## Study material
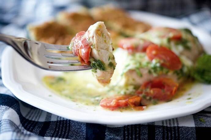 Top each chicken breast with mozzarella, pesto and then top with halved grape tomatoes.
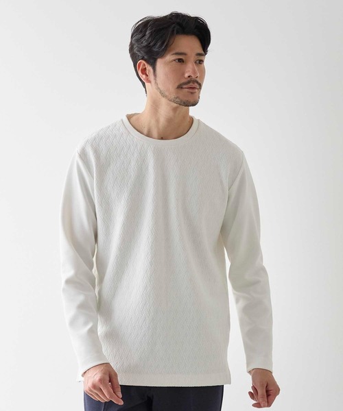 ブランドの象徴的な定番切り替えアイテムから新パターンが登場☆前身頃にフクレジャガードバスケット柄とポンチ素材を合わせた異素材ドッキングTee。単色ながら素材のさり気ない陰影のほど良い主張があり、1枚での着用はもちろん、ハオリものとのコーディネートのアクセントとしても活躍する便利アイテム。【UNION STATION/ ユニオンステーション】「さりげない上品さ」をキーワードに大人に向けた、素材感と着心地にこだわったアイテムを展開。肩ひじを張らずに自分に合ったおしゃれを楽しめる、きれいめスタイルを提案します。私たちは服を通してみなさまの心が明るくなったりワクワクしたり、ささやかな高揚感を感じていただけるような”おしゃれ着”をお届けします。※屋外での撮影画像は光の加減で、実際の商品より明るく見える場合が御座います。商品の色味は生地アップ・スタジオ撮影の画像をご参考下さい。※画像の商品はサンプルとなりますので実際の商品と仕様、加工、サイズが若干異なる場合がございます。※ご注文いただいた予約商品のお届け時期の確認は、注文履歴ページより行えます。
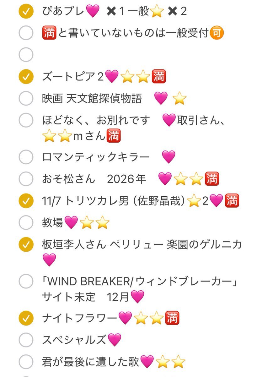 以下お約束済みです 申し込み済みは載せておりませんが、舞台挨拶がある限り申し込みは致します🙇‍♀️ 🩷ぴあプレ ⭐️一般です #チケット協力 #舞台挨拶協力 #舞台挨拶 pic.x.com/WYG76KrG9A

...

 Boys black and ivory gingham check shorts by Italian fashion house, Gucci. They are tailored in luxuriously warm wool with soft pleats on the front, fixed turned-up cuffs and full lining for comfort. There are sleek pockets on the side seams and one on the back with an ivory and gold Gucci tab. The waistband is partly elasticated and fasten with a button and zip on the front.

...

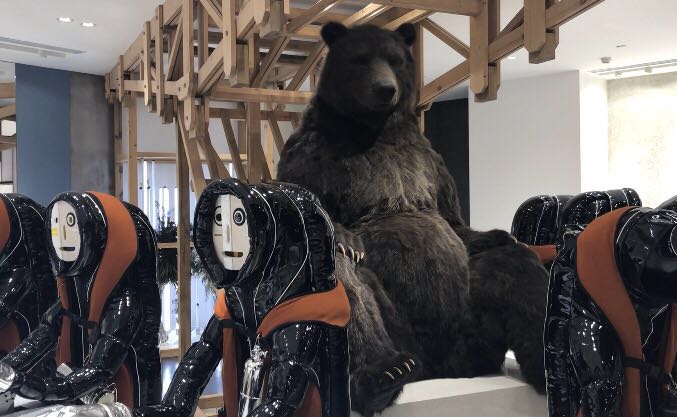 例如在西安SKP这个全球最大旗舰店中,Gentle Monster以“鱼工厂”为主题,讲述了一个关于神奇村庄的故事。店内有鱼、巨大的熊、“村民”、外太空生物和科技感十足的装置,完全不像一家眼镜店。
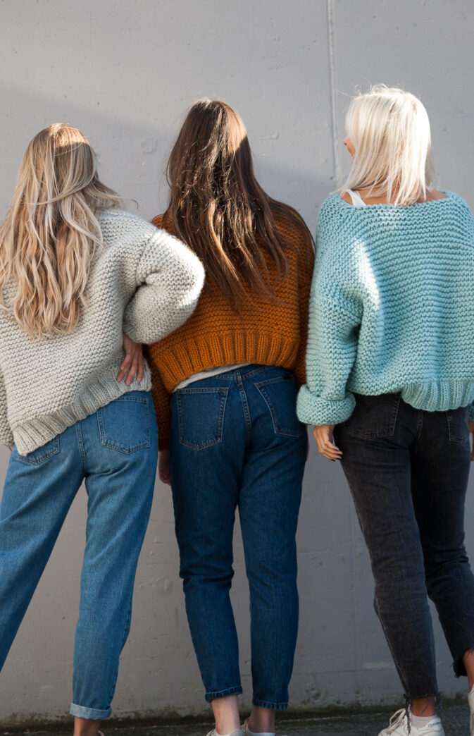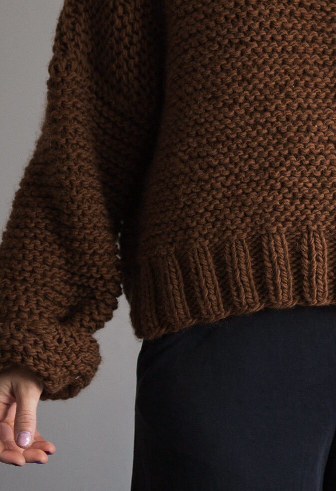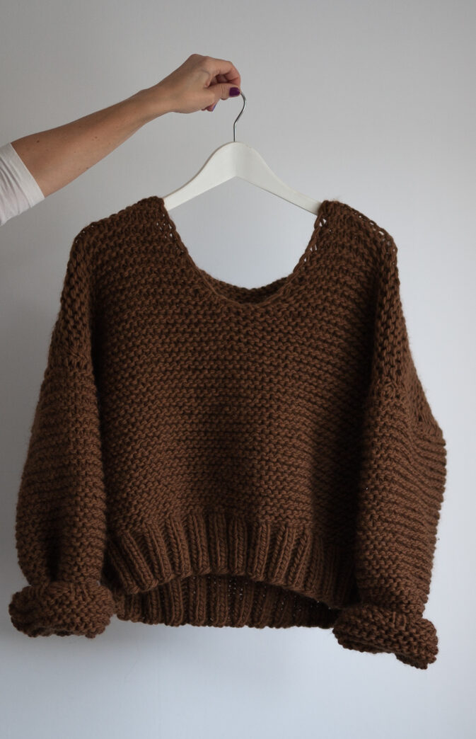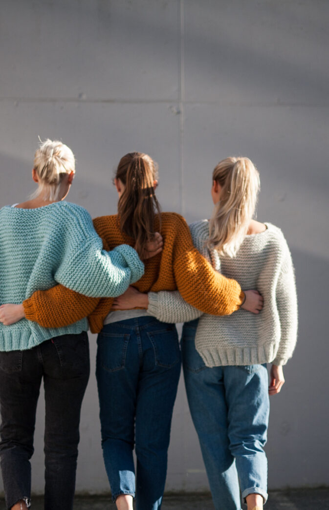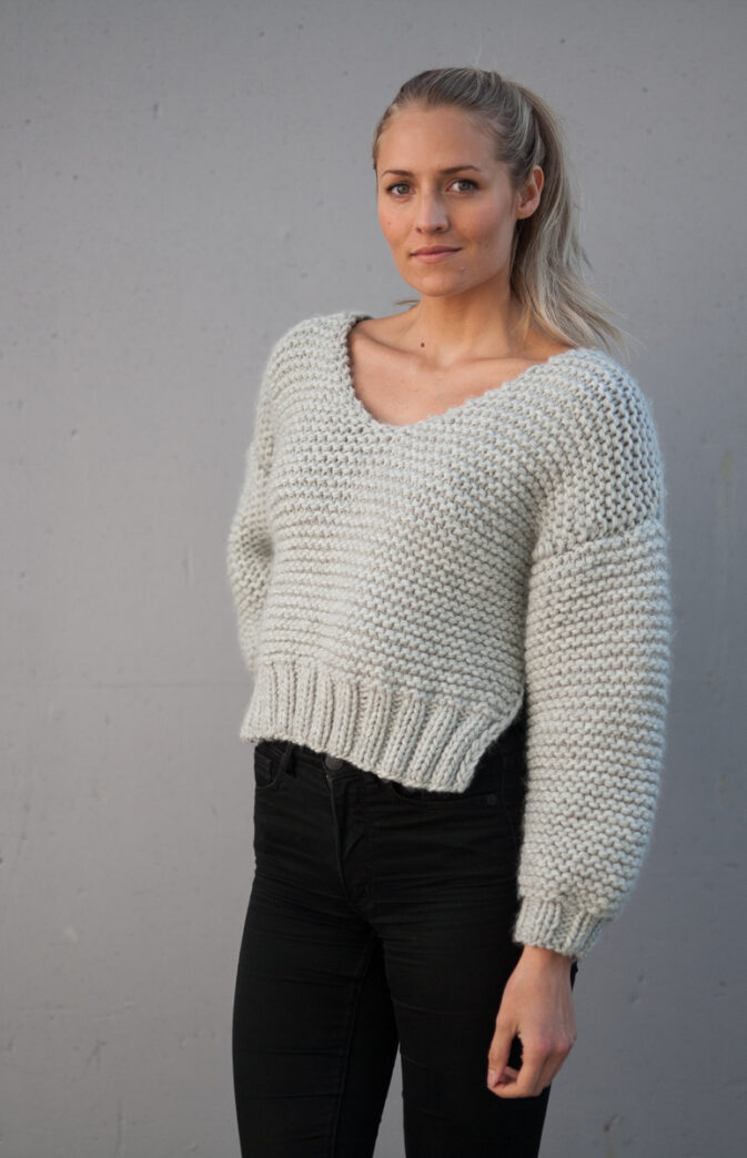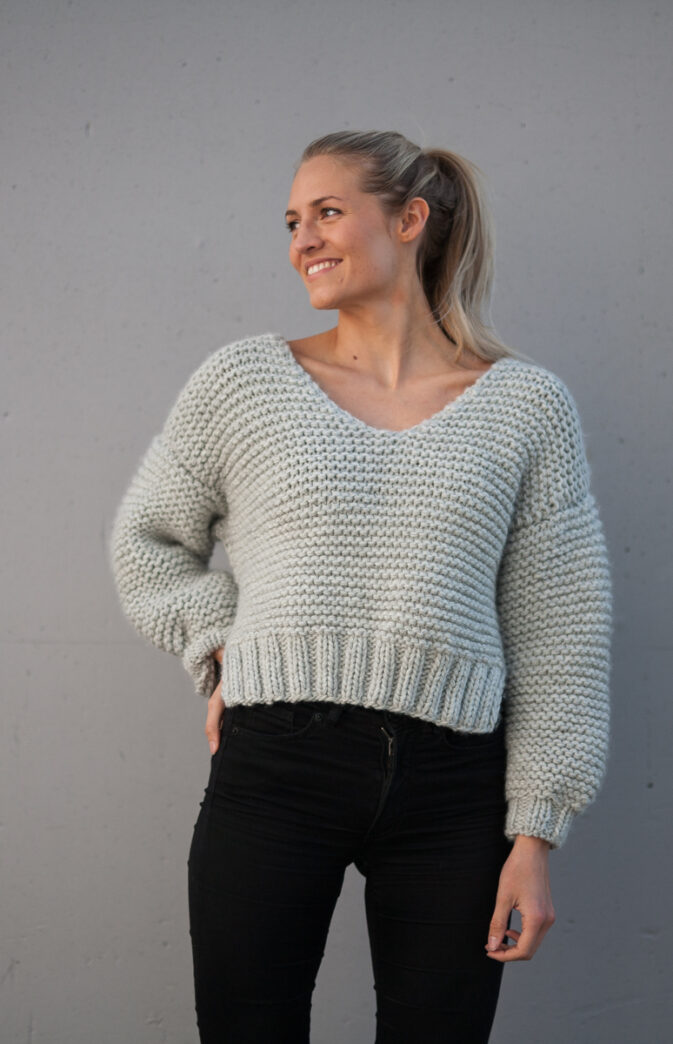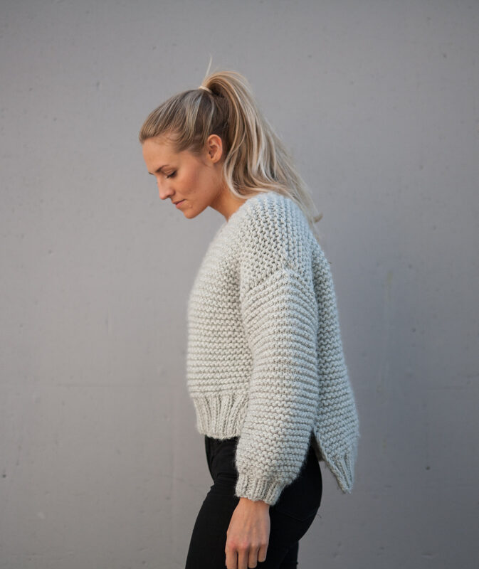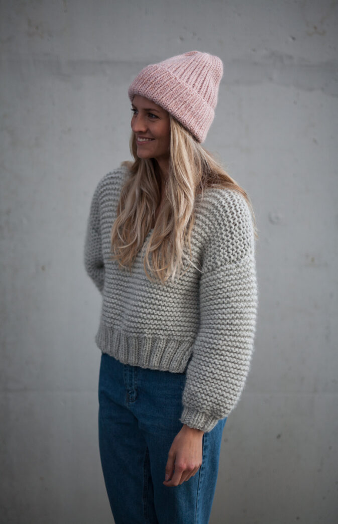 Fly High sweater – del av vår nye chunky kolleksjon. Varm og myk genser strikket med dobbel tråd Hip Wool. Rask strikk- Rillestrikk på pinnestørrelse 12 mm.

## Your goal
Return exactly the stretch above whose first line contains "Top each chicken" and whose last line contains "以下お約束済みです 申し込み済みは載せておりませんが、舞台挨拶がある限り申し込みは致します🙇‍♀️ 🩷ぴあプレ", and nothing outside it. The pictures should not appear.

## Solution for this problem
 Top each chicken breast with mozzarella, pesto and then top with halved grape tomatoes.
 ブランドの象徴的な定番切り替えアイテムから新パターンが登場☆前身頃にフクレジャガードバスケット柄とポンチ素材を合わせた異素材ドッキングTee。単色ながら素材のさり気ない陰影のほど良い主張があり、1枚での着用はもちろん、ハオリものとのコーディネートのアクセントとしても活躍する便利アイテム。【UNION STATION/ ユニオンステーション】「さりげない上品さ」をキーワードに大人に向けた、素材感と着心地にこだわったアイテムを展開。肩ひじを張らずに自分に合ったおしゃれを楽しめる、きれいめスタイルを提案します。私たちは服を通してみなさまの心が明るくなったりワクワクしたり、ささやかな高揚感を感じていただけるような”おしゃれ着”をお届けします。※屋外での撮影画像は光の加減で、実際の商品より明るく見える場合が御座います。商品の色味は生地アップ・スタジオ撮影の画像をご参考下さい。※画像の商品はサンプルとなりますので実際の商品と仕様、加工、サイズが若干異なる場合がございます。※ご注文いただいた予約商品のお届け時期の確認は、注文履歴ページより行えます。
 以下お約束済みです 申し込み済みは載せておりませんが、舞台挨拶がある限り申し込みは致します🙇‍♀️ 🩷ぴあプレ ⭐️一般です #チケット協力 #舞台挨拶協力 #舞台挨拶 pic.x.com/WYG76KrG9A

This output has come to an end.